Ha! Skullgirls wouldn't be easier in SFV quality 3d. It wouldn't be Skullgirls at all. You see Skullgirls has characters morphing and tearing and squashing and splitting apart super fluidly. To do that in 3d requires making extra models, baking animations, more UV work and a lot more bug testing for glitches because its easy on disjointed models that split and morph between moves to handcuff glitch or get folks stuck and stretching and breaking like UMVC3 Ryu glitch stuff or more accurately Trials HD rubber band glitch stuff.
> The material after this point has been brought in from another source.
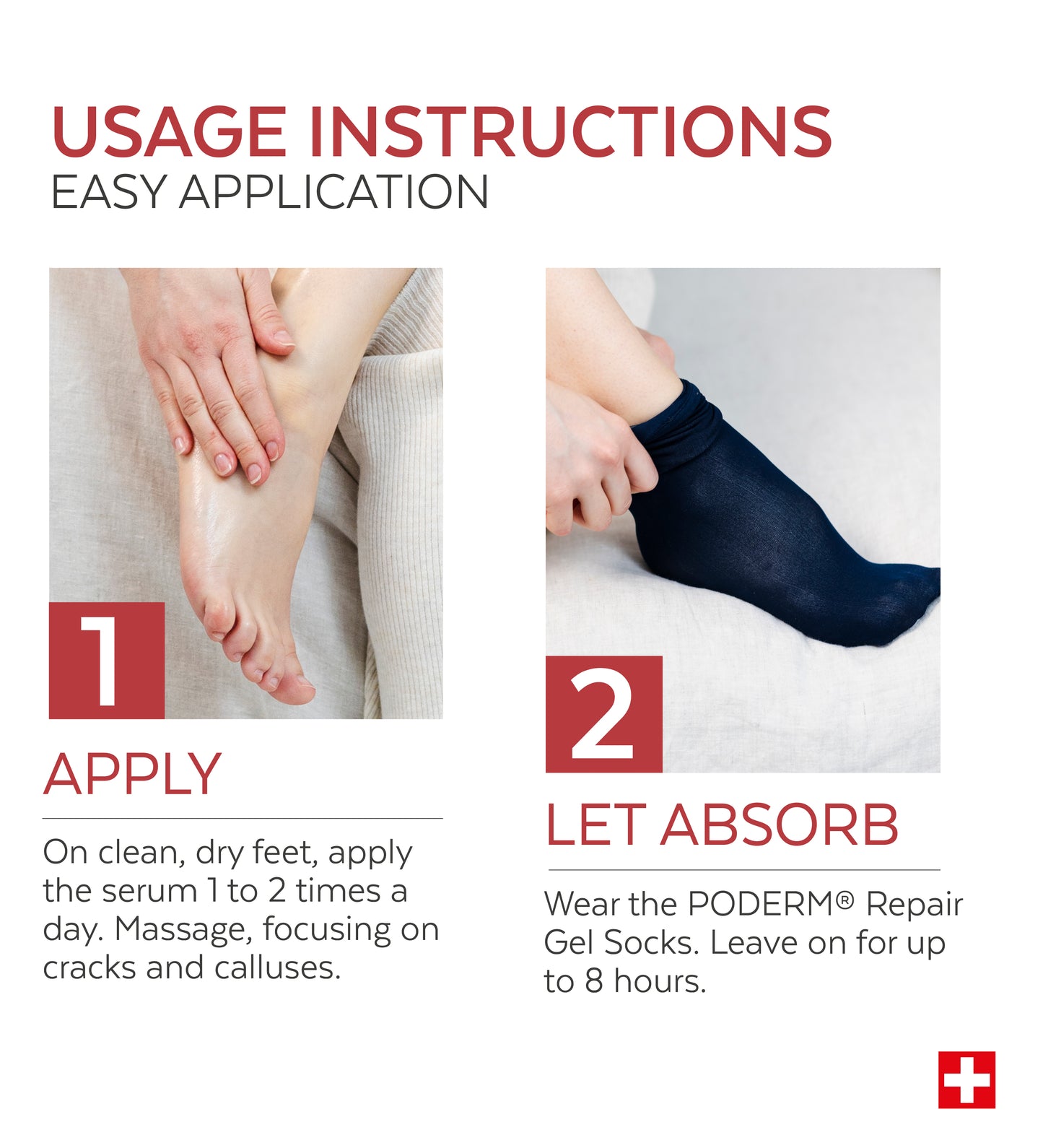 For external use. Apply a sufficient quantity of the serum to the feet, once a day in the evening at bedtime, paying particular attention to cracks and calluses, then put on the PODERM® Repair Gel Socks. Leave on for up to 8 hours. Precautions for use: Do not walk or stand with PODERM® Repair Gel Socks on, as there is a risk of falling and premature wear. Socks can be reused and washed in warm water and soap. Keep away from heat. Keep out of reach of children. Do not use if you are allergic to any of the ingredients. Do not apply to damaged skin. For topical use only. Do not ingest. Avoid contact with eyes; if contact occurs, rinse immediately with water. 12 years and over - not for use by children, pregnant or breast-feeding women.

2d is harder because you have to hand animate every single frame of animation. While this gives you a ton more control to go as loud and fucking nuts as you want you still have to actually draw each frame. Plus every frame is actually about 3 to 4 seperate projects.
1. the rough
2. the linework (very tedious and very specific on line thickness aka line weighting. Can get pretty technical with brush settings for consistency)
3. the color flatting or big solid colors that make up your character palette
4 the shading layer for the shadows usually done with multiply settings on the layer mode
5 the highlights layer for the lit areas of the image usually done with screen settings on layer mode

Now compound all that with a VERY technical drawing. I'd say on a scale of 1 to 10 that Kirin image was like a 3 or 4 and thats without morphing and whatever into other shapes. Imagine someone with a shitload of beads or a complex texture on their clothing to keep consistent between frames. The more of the character that's covered in linework the more lines to keep up with between frames or it'll look really jumpy and offputting when it animates.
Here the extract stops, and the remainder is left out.